3. A system according to claim 2, further comprising: a correction module to receive from the agent one of input and corrections to the call record.

4. A system according to claim 1, wherein the call is one of up to four call sessions simultaneously presented to the agent via an agent console.

5. A system according to claim 4, further comprising: an active call module to designate one of the simultaneous calls as active and to receive from the agent instructions for the active call comprising one of playing a recording of a transcribed message to the agent, playing a synthesized message to the customer, and activating at least a portion of one of the scripts.

6. A system according to claim 1, further comprising: a conversion module to convert the speech from the customer to text and to provide the text to the agent.

7. A system according to claim 6, further comprising: a speech identification module to identify one or more utterances in the speech from the agent; and an instruction module to receive instructions from the agent for one of ranking and reordering the identified utterances.

8. A system according to claim 1, wherein the text message from the agent is manually typed.

9. A system according to claim 1, further comprising: a transfer module to transfer the customer to a live agent.

10. A system according to claim 1, further comprising: a database to store a portion of the speech from the customer as parsed data.

11. A computer-implemented method for call response processing, comprising: monitoring a call between an agent and a customer; receiving a stream of speech with inquiries from the customer; receiving from the agent at least a portion of a script in response to one of the inquiries from the customer; providing a spoken response to the customer based on the script from the agent; further receiving from the agent a text message in response to another of the inquiries from the customer; converting the text message to a spoken response; and providing the spoken response to the customer.
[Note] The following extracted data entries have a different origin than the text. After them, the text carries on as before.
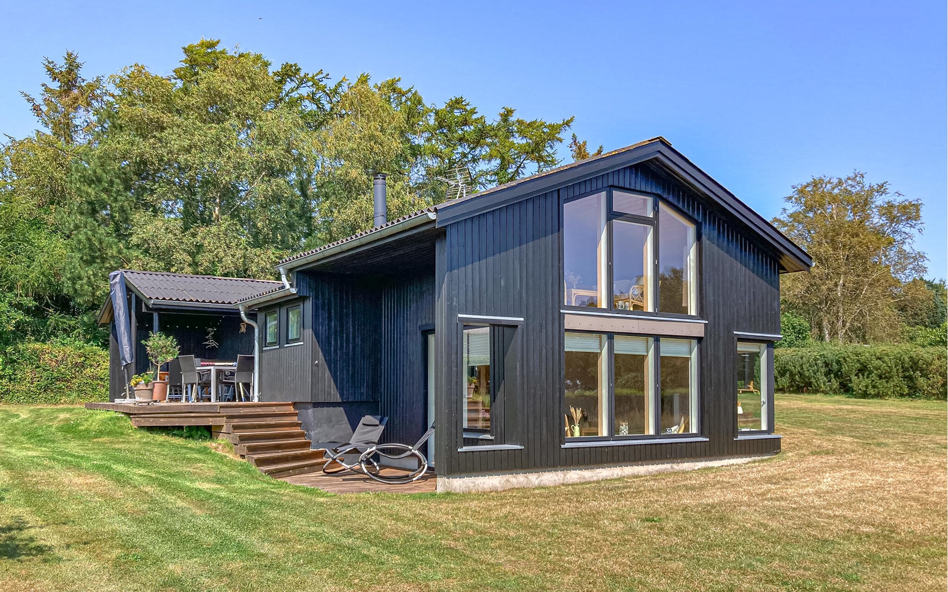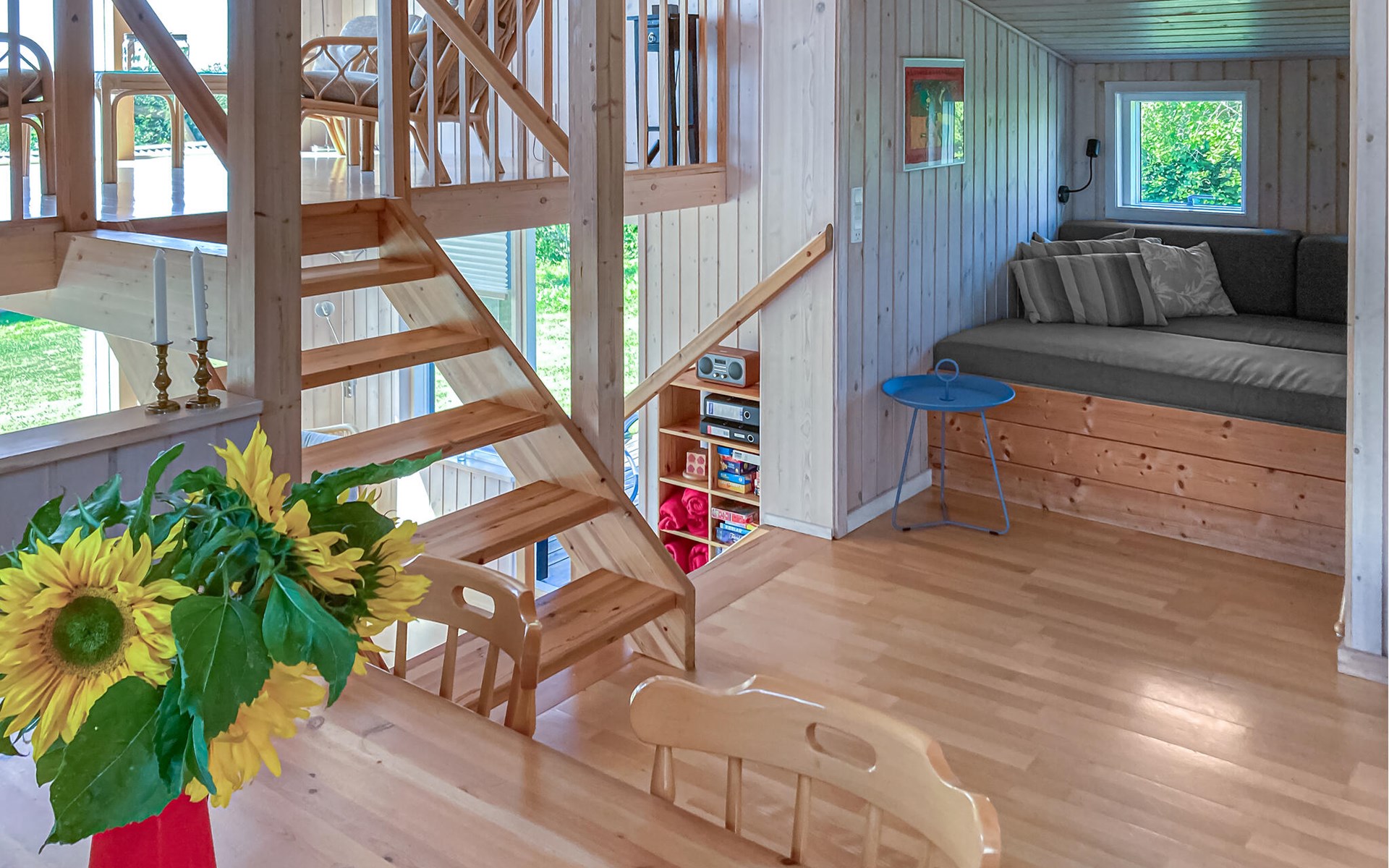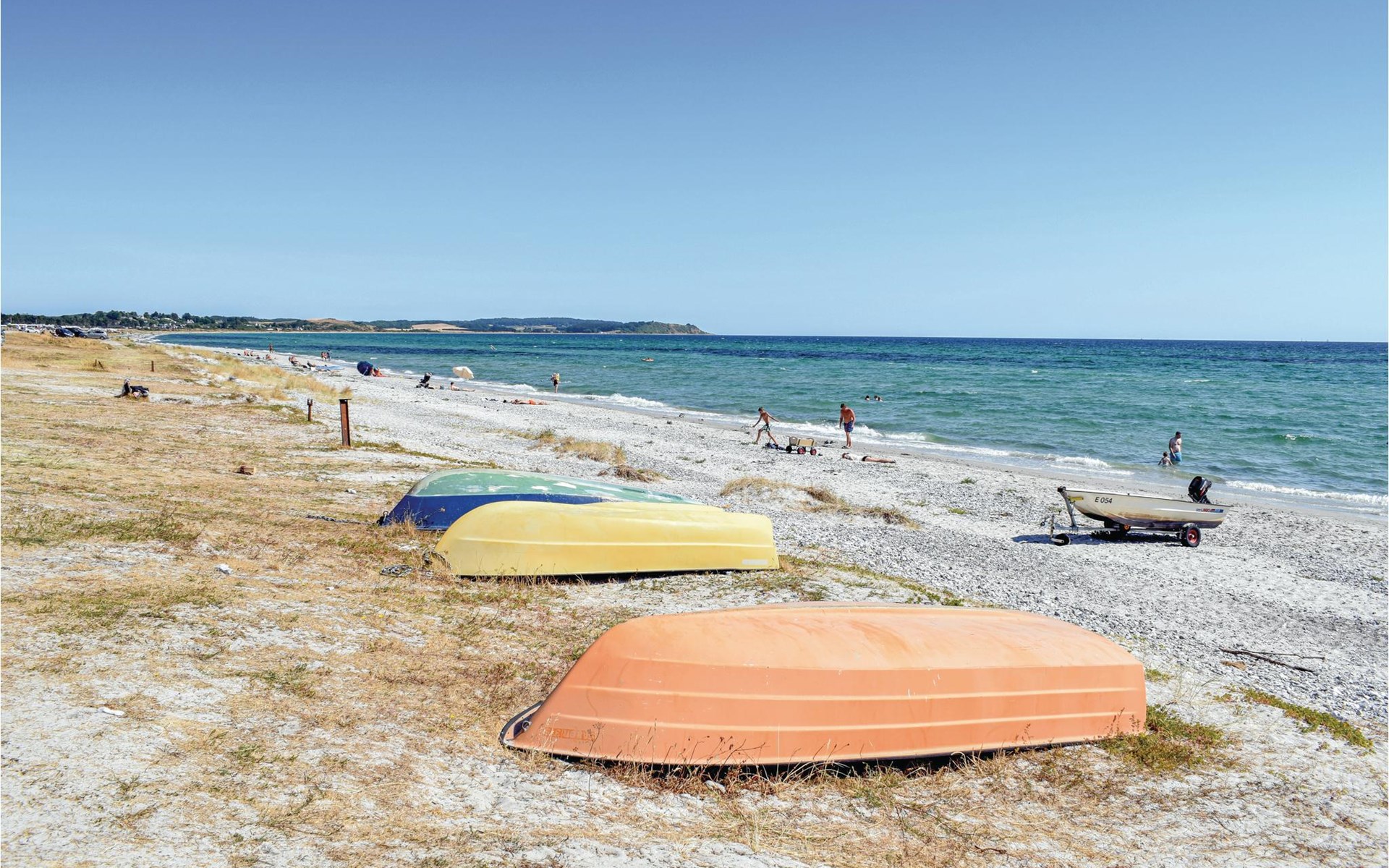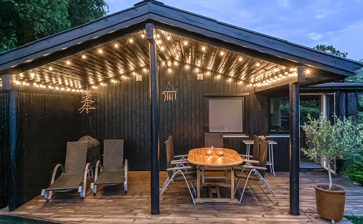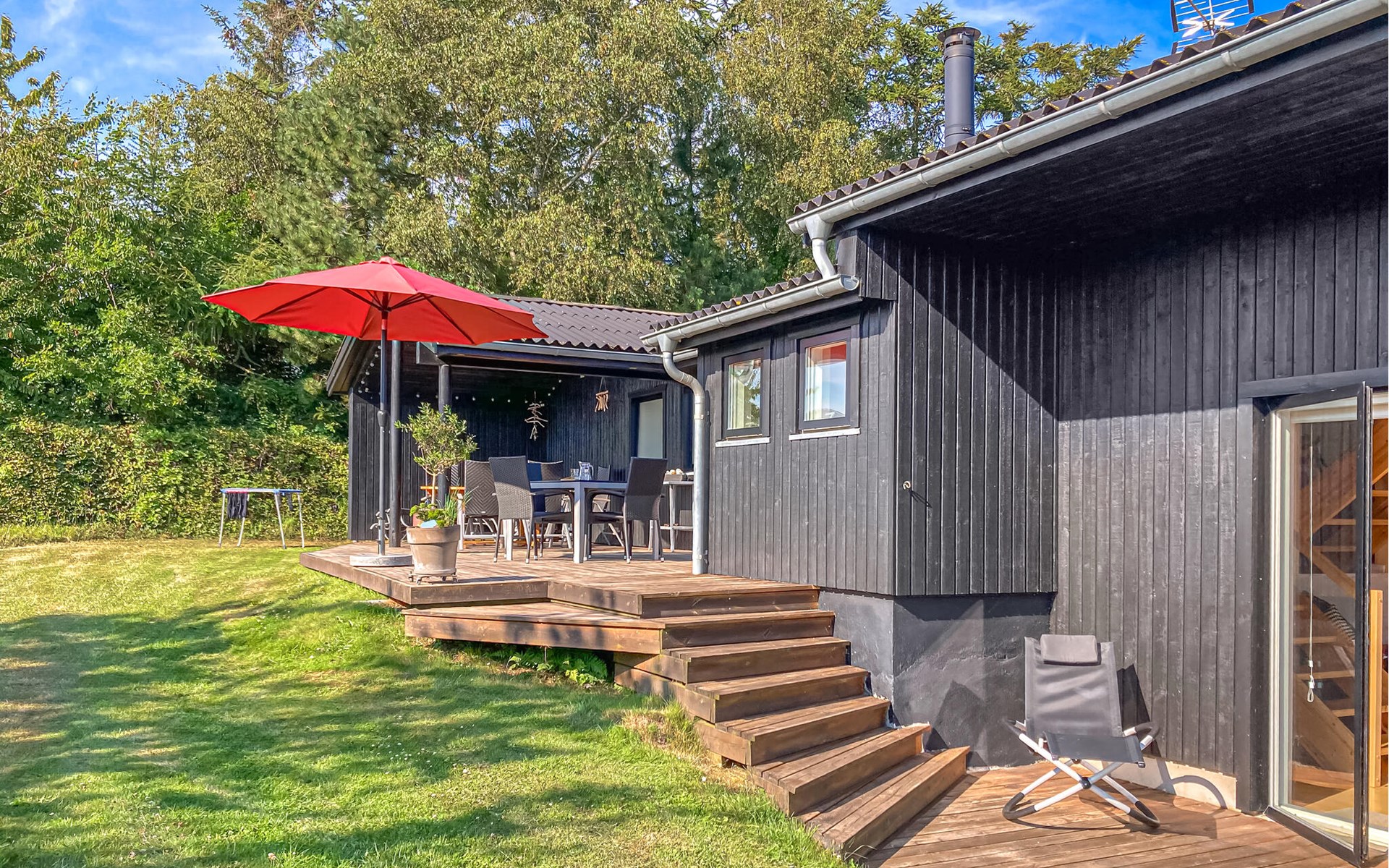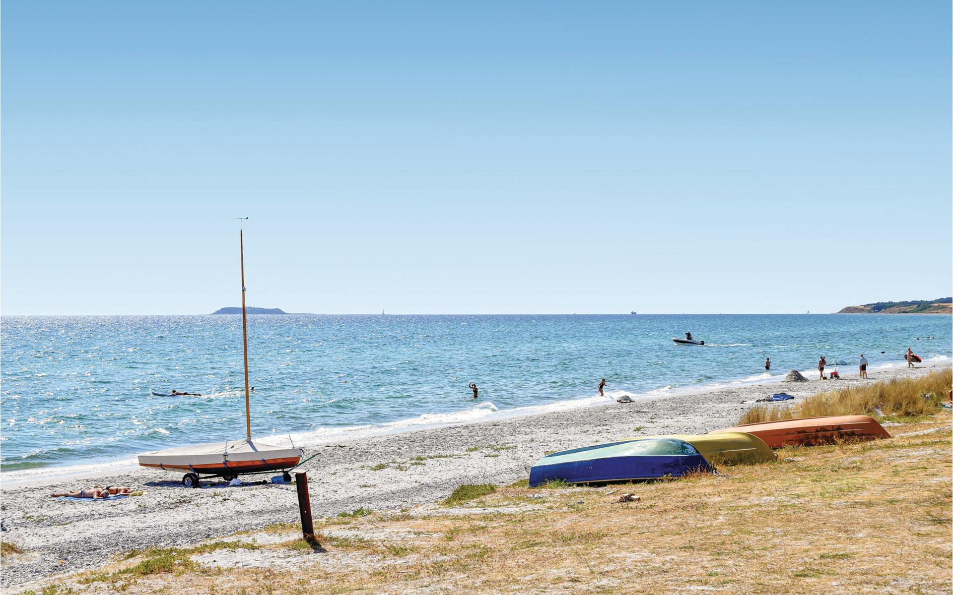 Completely renovated cottage with a view of the island of Hjelm. The beautiful property is located only 300 m from the beautiful swimming and fishing beach. There is also a good slip for your own boat. At the cottage there is a fish cleaning place. Living room is laid out on 2 levels and therefore you can easily spend your free time here. You will always find a quiet corner or a place for a board game. You can also enjoy the outdoor life on the large wooden terraces around the whole house. There is a hammock on the terrace. The property is large and is also suitable for playing soccer. There is a German TV channel. In the garden you have views from several tranquil corners.
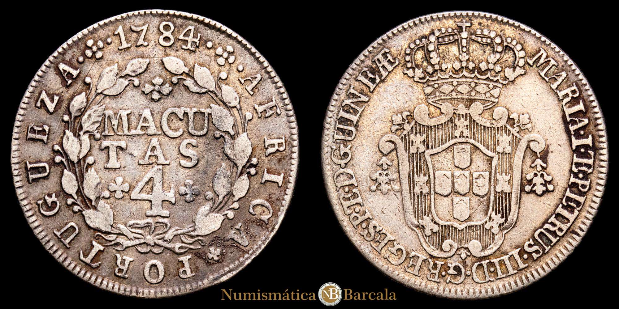 Africa Portuguesa – D. Maria I y Pedro III. 4 Macutas. (5,61 g.). Angola. 1784. KM-22. MBC-. Mintage 30000 pcs.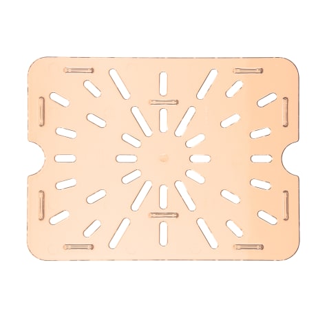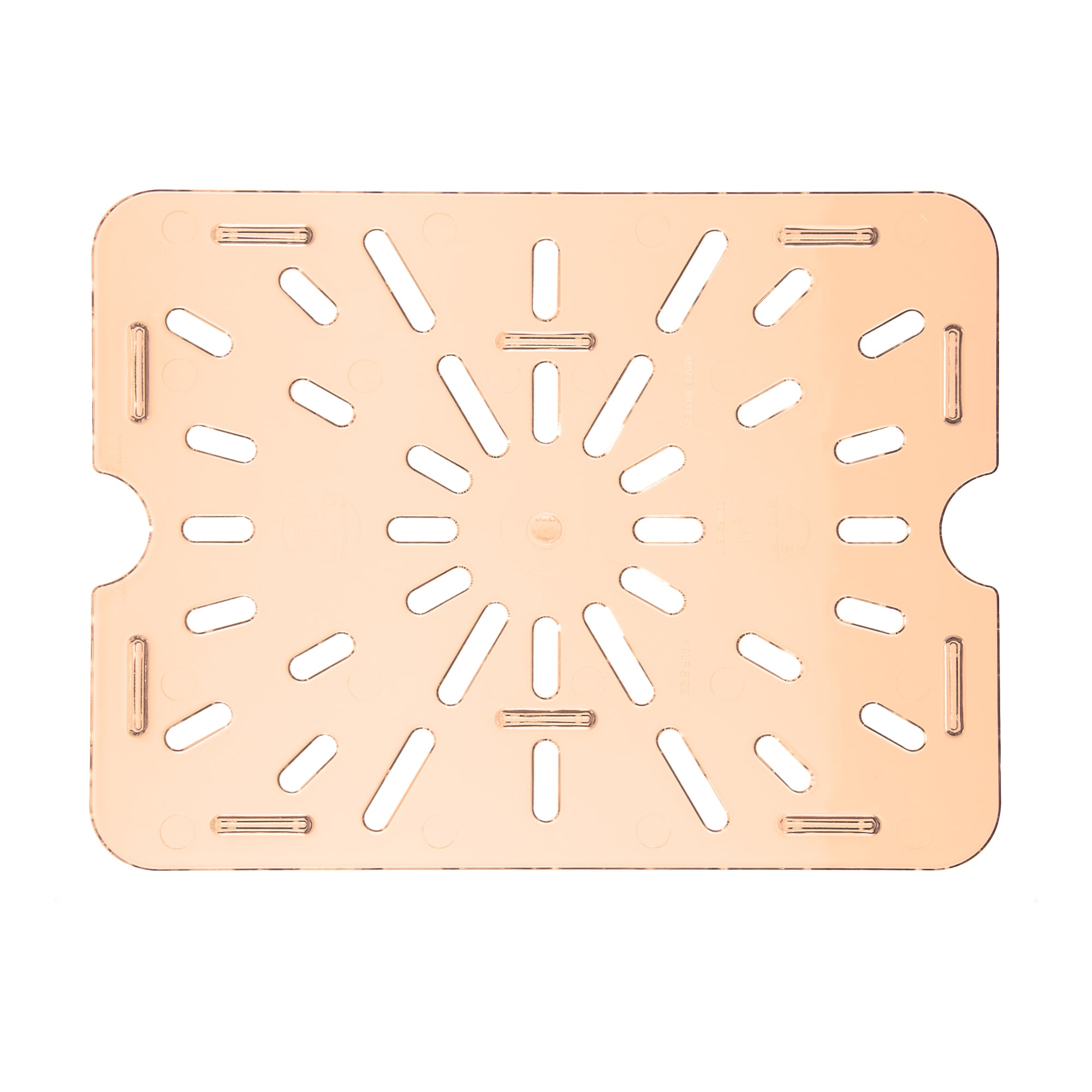 This StorPlus™ amber drain grate features pre-cut notches that drain excess liquid from food. The bottom tabs raise the grate from the base of the pan to keep food and liquid separate.

12. A method according to claim 11, further comprising: compiling the script and the text message from the agent and the speech from the customer as record of the call.

13. A method according to claim 12, further comprising: receiving from the agent one of input and corrections to the call record.

14. A method according to claim 11, wherein the call is one of up to four call sessions simultaneously presented to the agent via an agent console.

15. A method according to claim 14, further comprising: designating one of the simultaneous calls as active; and receiving from the agent instructions for the active call comprising one of playing a recording of a transcribed message to the agent, playing a synthesized message to the customer, and activating at least a portion of one of the scripts.

16. A method according to claim 11, further comprising: converting the speech from the customer to text; and providing the text to the agent.

17. A method according to claim 16, further comprising: identifying one or more utterances in the speech from the agent receiving instructions from the agent for one of ranking and reordering the identified utterances.

18. A method according to claim 11, wherein the text message from the agent is manually typed.

19. A method according to claim 11, further comprising: transferring the customer to a live agent.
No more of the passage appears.